| PROBLEM DESCRIPTION |
Return the material exactly, first line through the line containing "Esta calça cigarrete", and nothing more. Pictures stay out.

| DATASET EXTRACT |
((
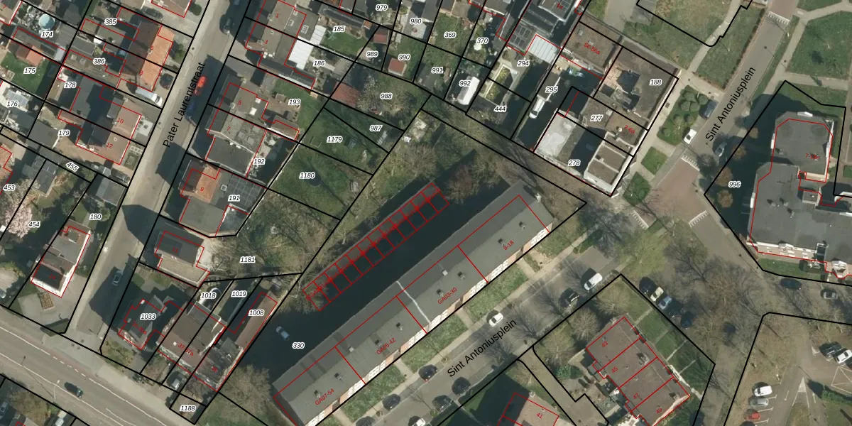 Het perceel waarop Sint Antoniusplein 8-GA19 staat heeft een oppervlakte van 2750 m². Dit is een zeer groot perceel. De perceeloppervlakte wordt geregistreerd door het Kadaster. Gedetailleerde informatie over de maten van dit perceel kunt u vinden in het rapport Kadastrale kaart met maatvoering van Sint Antoniusplein 8-GA19.
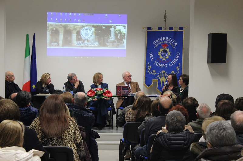 FASANO – Parlare di violenza sulle donne o di femminicidio genera spesso luoghi comuni o equivoci: ma il delicato argomento deve essere opportunamente affrontato affinché le vittime di atti scellerati possano trovare il coraggio di denunciare ogni atteggiamento nefando. L’Università del Tempo Libero “San Francesco d’Assisi” di Fasano ha dedicato al tema l’incontro che si è svolto ieri pomeriggio (venerdì 26 febbraio) nella sede sita ai Portici delle Teresiane: per l’occasione sono stati presentati i primi due volumi della trilogia poetica e letteraria “Ciò che Caino non sa”, intitolati rispettivamente “La tela di Penelope” e “Odi et amo”, curati dalla scrittrice Maria Teresa Infante, originaria di San Severo.
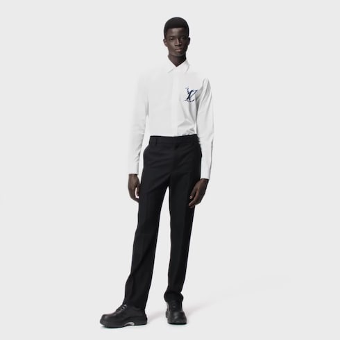 Esta calça cigarrete de alfaiataria em lã preta é uma peça essencial para montar looks mais formais. Ela traz um bordado de Flor do Monogram com um efeito sutil de relevo embaixo do bolso posterior. Com um paletó da mesma linha, esta peça compõe um costume elegante de ar contemporâneo.
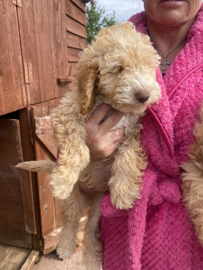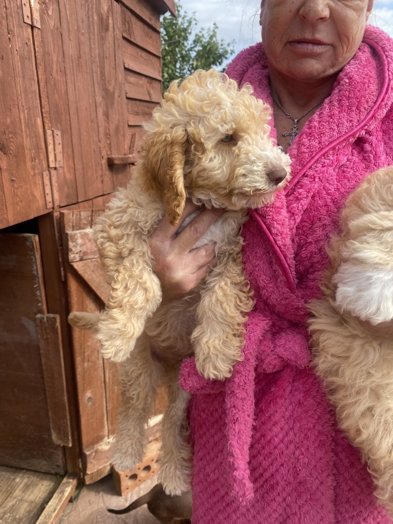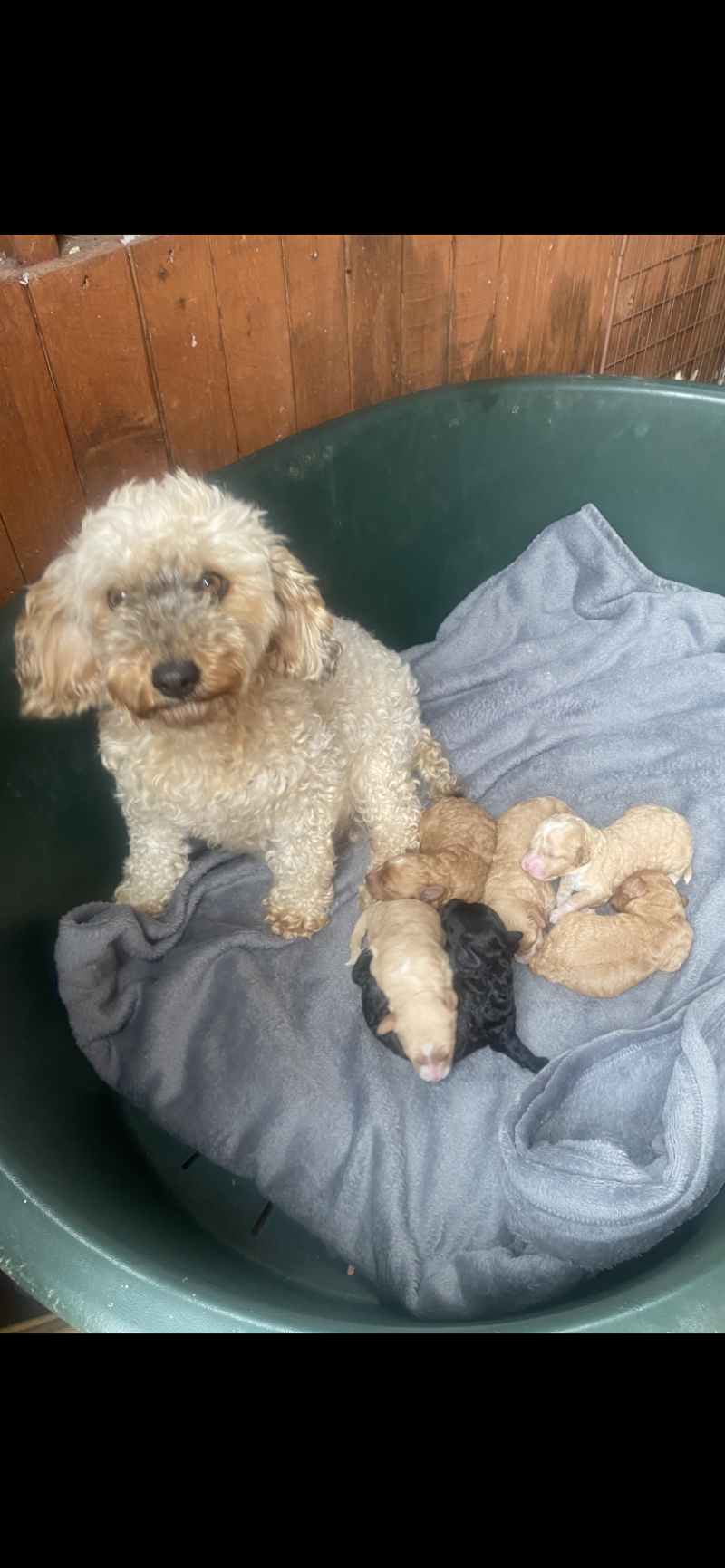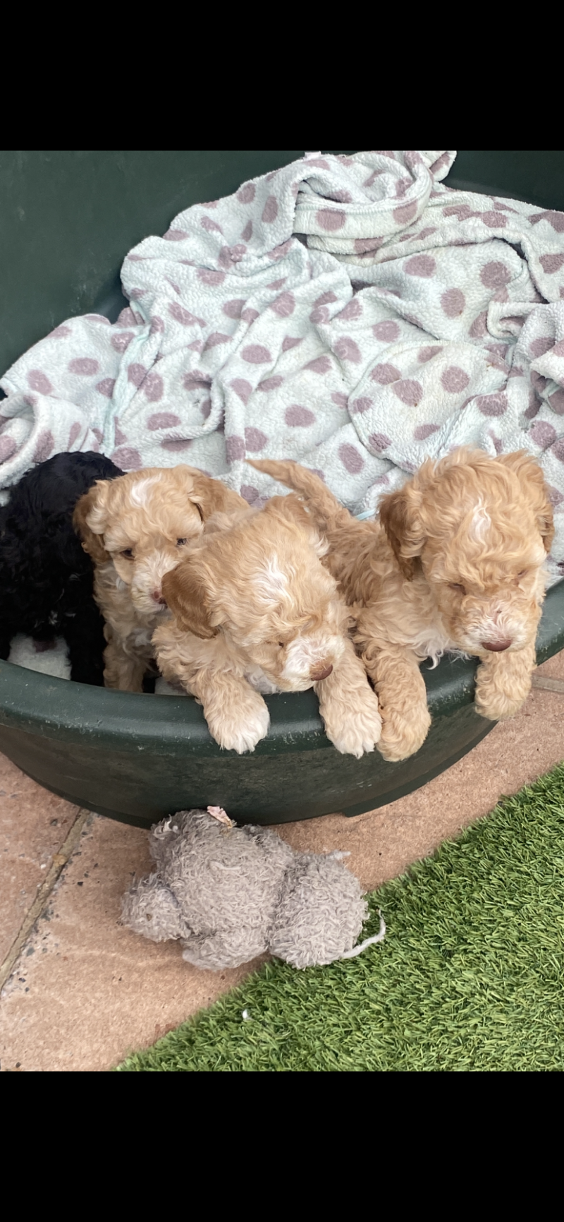 Hi here I have 2 puppies left 2 boys cream and a touch of white 11 weeks old 4th September beautiful pups mum a cockerpoo and dad a pedigree poodle
))
| WRITTEN ANSWER |
 Het perceel waarop Sint Antoniusplein 8-GA19 staat heeft een oppervlakte van 2750 m². Dit is een zeer groot perceel. De perceeloppervlakte wordt geregistreerd door het Kadaster. Gedetailleerde informatie over de maten van dit perceel kunt u vinden in het rapport Kadastrale kaart met maatvoering van Sint Antoniusplein 8-GA19.
 FASANO – Parlare di violenza sulle donne o di femminicidio genera spesso luoghi comuni o equivoci: ma il delicato argomento deve essere opportunamente affrontato affinché le vittime di atti scellerati possano trovare il coraggio di denunciare ogni atteggiamento nefando. L’Università del Tempo Libero “San Francesco d’Assisi” di Fasano ha dedicato al tema l’incontro che si è svolto ieri pomeriggio (venerdì 26 febbraio) nella sede sita ai Portici delle Teresiane: per l’occasione sono stati presentati i primi due volumi della trilogia poetica e letteraria “Ciò che Caino non sa”, intitolati rispettivamente “La tela di Penelope” e “Odi et amo”, curati dalla scrittrice Maria Teresa Infante, originaria di San Severo.
 Esta calça cigarrete de alfaiataria em lã preta é uma peça essencial para montar looks mais formais. Ela traz um bordado de Flor do Monogram com um efeito sutil de relevo embaixo do bolso posterior. Com um paletó da mesma linha, esta peça compõe um costume elegante de ar contemporâneo.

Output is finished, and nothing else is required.